Prior to your MRI, you may receive an injection of a contrast agent through an IV line in your arm to enhance the appearance of tissues or blood vessels in the images. During the MRI you will be alone in the room, however, the technologist will be monitoring you from another room close by and will be able to speak to you and hear you through a microphone. You may hear loud tapping noises coming from the machine; however, MRI is completely painless and does not use radiation. The MRI should last 30-60 minutes.
After your exam: You should be able to return to work or your normal activities right after your MRI.

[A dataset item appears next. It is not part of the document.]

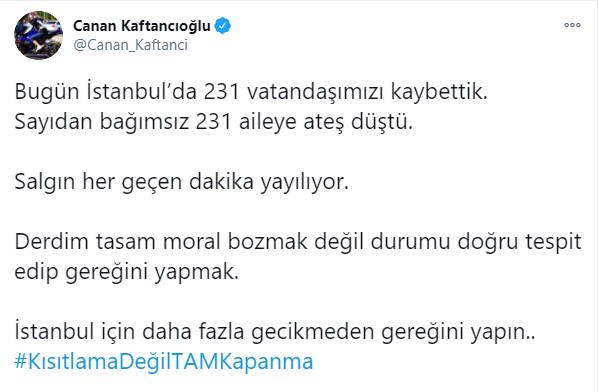 Kaftancıoğlu, "Bugün İstanbul’da 231 vatandaşımızı kaybettik. Sayıdan bağımsız 231 aileye ateş düştü. Salgın her geçen dakika yayılıyor. Derdim tasam moral bozmak değil durumu doğru tespit edip gereğini yapmak. İstanbul için daha fazla gecikmeden gereğini yapın.. #KısıtlamaDeğilTAMKapanma" ifadelerini kullandı.
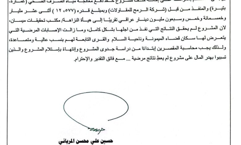 عضو بمجلس ميسان يخاطب رئاسة المجلس بإحالة احد مشاريع معالجة مياه الصرف الصحي الى النزاهة

A Bone Mineral Density scan (BMD) is the most accurate way to measure bone density and determine a patient’s risk for osteoporosis. It is also called a DEXA scan. Osteoporosis is a very serious disease in which bones become so weak they can break with a simple bump or fall. This simple, painless procedure is our best tool for early diagnosis and treatment.
BMD/DEXA Scan preparation and what to expect: Because this exam is so simple, you will not need to prepare ahead of time. While lying down, a camera will be moved above you and x-ray images will be taken of the hip and lower spine where fractures are most likely to occur. The amount of x-ray dose is very small, equal to about 10% of that received from a chest x-ray. The entire exam will take only 10-20 minutes.
After the exam: There are no side effects to the exam and you may return to work or normal activity immediately.